→ Stored data:
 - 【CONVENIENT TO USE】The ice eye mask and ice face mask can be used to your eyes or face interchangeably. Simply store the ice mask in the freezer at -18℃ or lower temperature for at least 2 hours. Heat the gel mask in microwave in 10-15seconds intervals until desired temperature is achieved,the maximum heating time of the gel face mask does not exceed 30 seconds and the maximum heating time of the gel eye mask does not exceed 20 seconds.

* * *

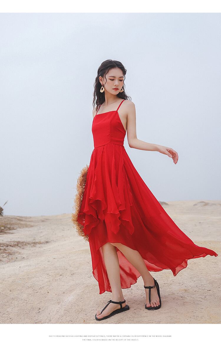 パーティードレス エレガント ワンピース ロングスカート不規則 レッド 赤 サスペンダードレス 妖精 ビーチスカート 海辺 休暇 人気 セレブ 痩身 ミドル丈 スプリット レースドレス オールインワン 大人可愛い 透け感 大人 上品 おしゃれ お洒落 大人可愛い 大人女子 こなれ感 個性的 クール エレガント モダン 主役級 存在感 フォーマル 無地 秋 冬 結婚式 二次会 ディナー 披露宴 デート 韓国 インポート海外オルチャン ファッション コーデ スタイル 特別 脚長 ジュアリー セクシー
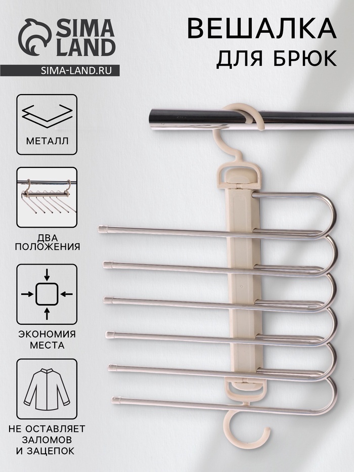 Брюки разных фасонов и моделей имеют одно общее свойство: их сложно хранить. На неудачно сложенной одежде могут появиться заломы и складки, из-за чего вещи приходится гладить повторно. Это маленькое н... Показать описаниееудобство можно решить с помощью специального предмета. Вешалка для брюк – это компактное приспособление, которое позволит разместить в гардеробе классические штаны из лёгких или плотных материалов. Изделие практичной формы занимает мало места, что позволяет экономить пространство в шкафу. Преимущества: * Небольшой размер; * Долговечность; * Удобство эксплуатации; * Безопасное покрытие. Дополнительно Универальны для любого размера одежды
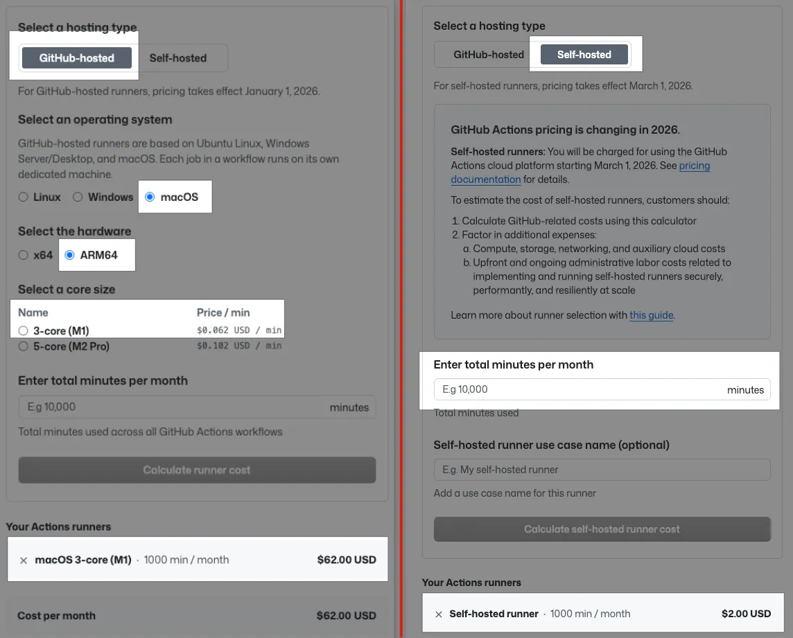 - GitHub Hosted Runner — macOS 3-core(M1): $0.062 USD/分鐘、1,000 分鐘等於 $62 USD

--

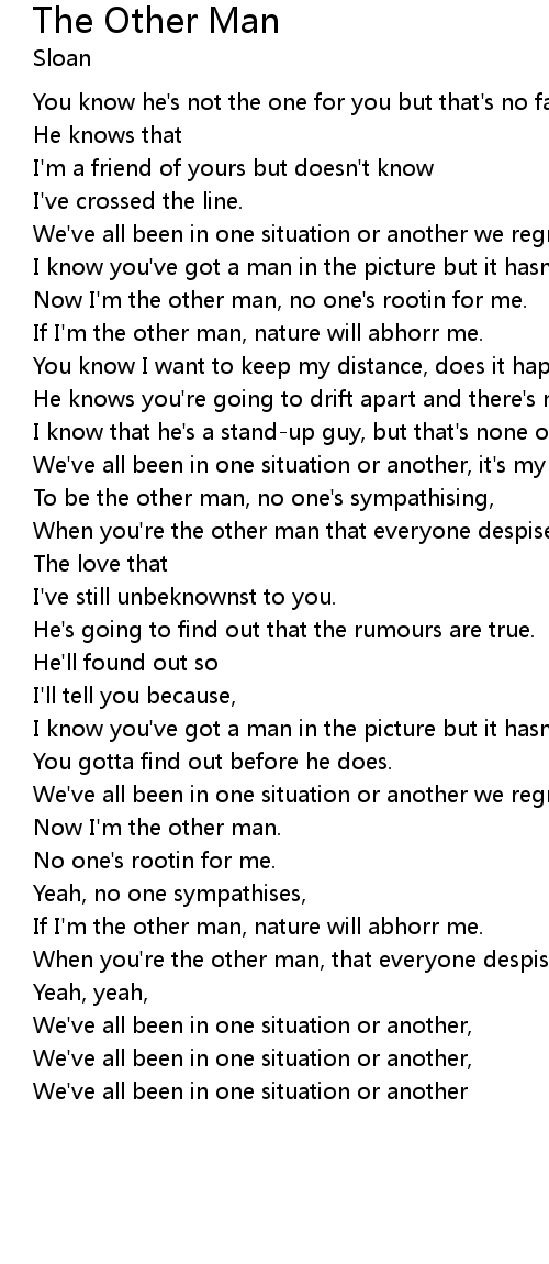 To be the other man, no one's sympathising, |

→ Action item: Respond with the exact lines above running from the one containing "Брюки разных фасонов" to the one containing "- GitHub Hosted", both ends kept and no pictures included.

→ Solution for this task:
 Брюки разных фасонов и моделей имеют одно общее свойство: их сложно хранить. На неудачно сложенной одежде могут появиться заломы и складки, из-за чего вещи приходится гладить повторно. Это маленькое н... Показать описаниееудобство можно решить с помощью специального предмета. Вешалка для брюк – это компактное приспособление, которое позволит разместить в гардеробе классические штаны из лёгких или плотных материалов. Изделие практичной формы занимает мало места, что позволяет экономить пространство в шкафу. Преимущества: * Небольшой размер; * Долговечность; * Удобство эксплуатации; * Безопасное покрытие. Дополнительно Универальны для любого размера одежды
 - GitHub Hosted Runner — macOS 3-core(M1): $0.062 USD/分鐘、1,000 分鐘等於 $62 USD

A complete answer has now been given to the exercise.